Diebolt is campaigning on having the most experience prosecuting violent crimes of anyone in Arizona. A political newcomer, his remarks were brief, and he asked the moderator when the debate would be over.

“Violence is where we need to pay attention,” he said. “This includes guns in the wrong hands, causing 50-70 homicides in a year in the county, and also drive-by shootings and aggravated assault. I can recognize people who need prosecutorial attention by looking at what they are doing. Violent crime is what we need to focus on.”

Regarding domestic violence, he said, “Violence is violence, whether it’s against a family member or a stranger. When domestic violence escalates to a felony, we take a lot of cases trial. I’ve been there for 23 years, and I identify people who are a danger to the community. This is no different from identifying domestic abusers.”

He added that he opposed “spending millions and millions and millions of dollars on the death penalty.”

He also opposes sending low-level nonviolent drug abusers to prison. “We get them when they have ¼ gram of meth on them and it’s their fourth time. You try to get them into treatment. I don’t know how many will go voluntarily to treatment. Can we force them? Some say ‘I’ll go to prison before I go to treatment.’ Prison is easy, real life is hard. What is the cost of incarceration versus treating? I don’t know. We should take the costs of jail, police officers and detectives, and spend it on something else.”

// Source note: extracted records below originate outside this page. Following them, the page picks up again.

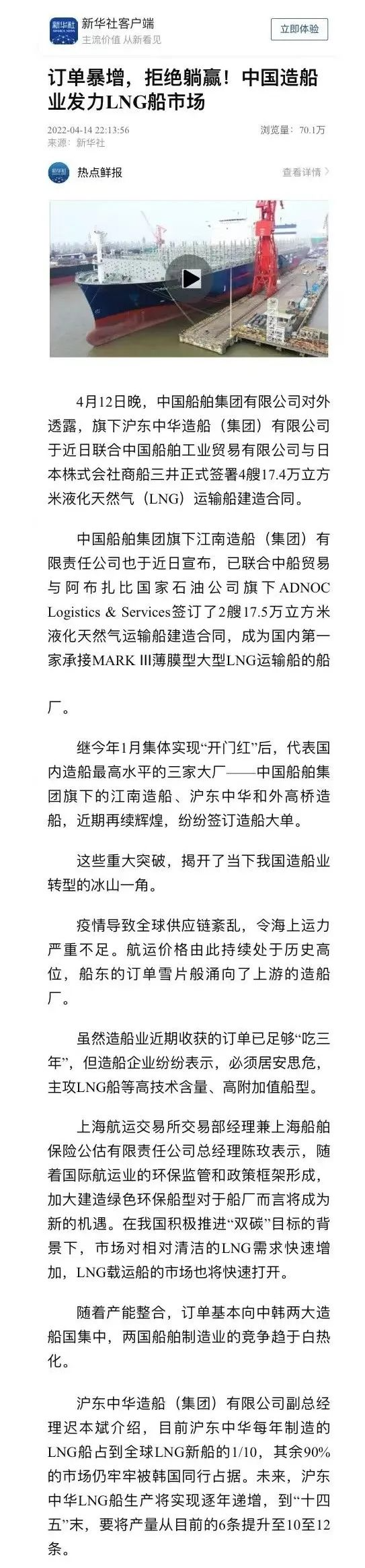 新華社聚焦:中國船舶發力LNG船市場,詮釋“不躺贏”!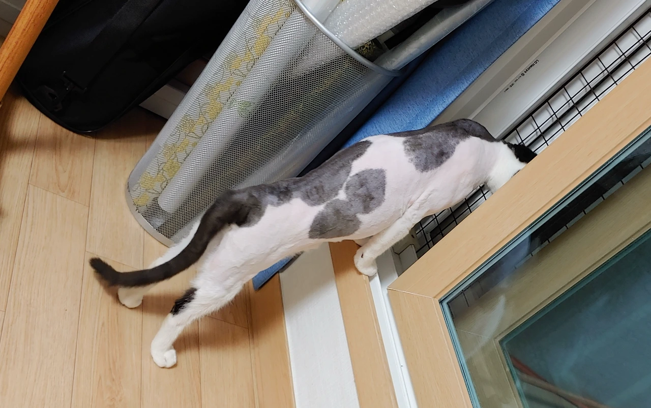 의사 선생님의 조언과 반려견을 오랜 시간 키우고 있는 친구의 조언을 참고로 하여, 큰마음먹고 이발을 시작하였다. 아이는 생전 처음으로 들이대는 기계소리에 털이 우수수 바닥에 흩어지는 모습을 보고 넋이 나간나 싶을 정도로 얼음이 되더니, 이내 정신을 차리고는 예민한 청력의 냥이족의 후예답게 기계음을 피해서 요리조리 잘도 빠져나갔다. 달래고 어르고 하면서 이틀에 걸쳐서 털을 밀었다. 머리와 네발은 남겨두고 행여나 아이가 다칠까 온 신경을 다해 조심하면서 털과의 전쟁을 마무리하였다.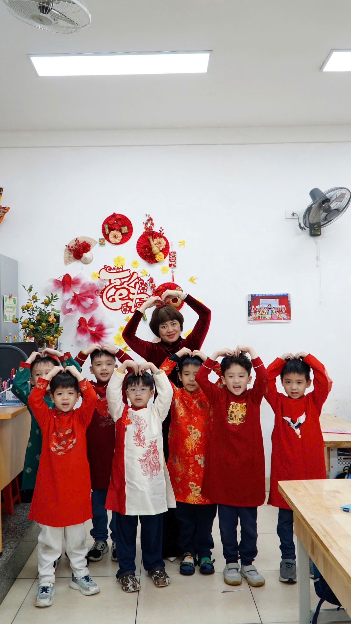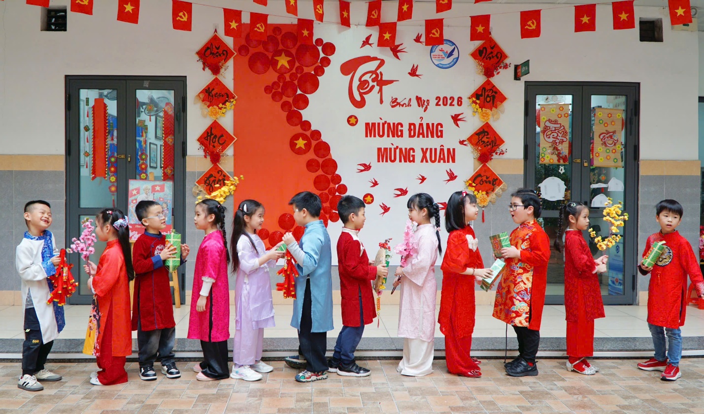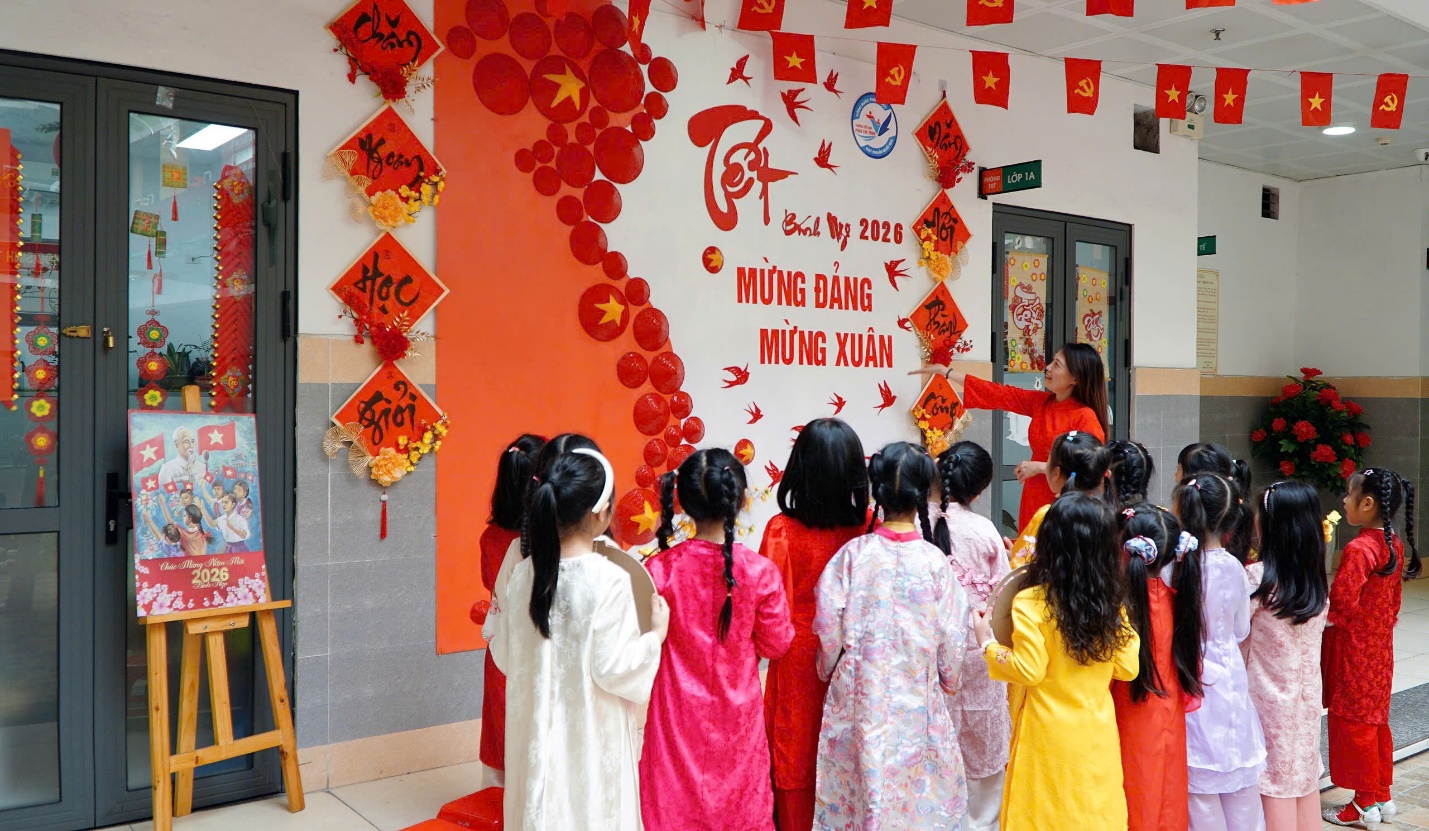 Trong chuỗi hoạt động chào xuân, các em học sinh khối lớp Một đã hào hứng tham gia nhiều hoạt động tập thể ý nghĩa như: sinh hoạt đầu xuân, chụp ảnh lưu niệm, xếp hình trái tim thể hiện tinh thần đoàn kết, yêu thương; trải nghiệm Tết cổ truyền trong trang phục áo dài, áo truyền thống cùng các đạo cụ quen thuộc như bao lì xì, bánh chưng, cành hoa xuân… Dưới sự hướng dẫn tận tình của các thầy cô giáo, các em thêm mạnh dạn, tự tin và cảm nhận rõ nét niềm vui của những ngày đầu năm mới.

“What bothers me, a lot of these people are just using drugs. A percentage of these people are not working. They are stealing, selling drugs, and breaking into cars. If you let them out of jail you run the risk of them finding drugs again and getting high for the day. Should you spend long periods of time in jail? No. What are the cops supposed to do with them? They’ll arrest them and take them to jail. But we can charge them with a misdemeanor so they don’t have to go to jail.”

The Democratic primary is on August 4, 2020.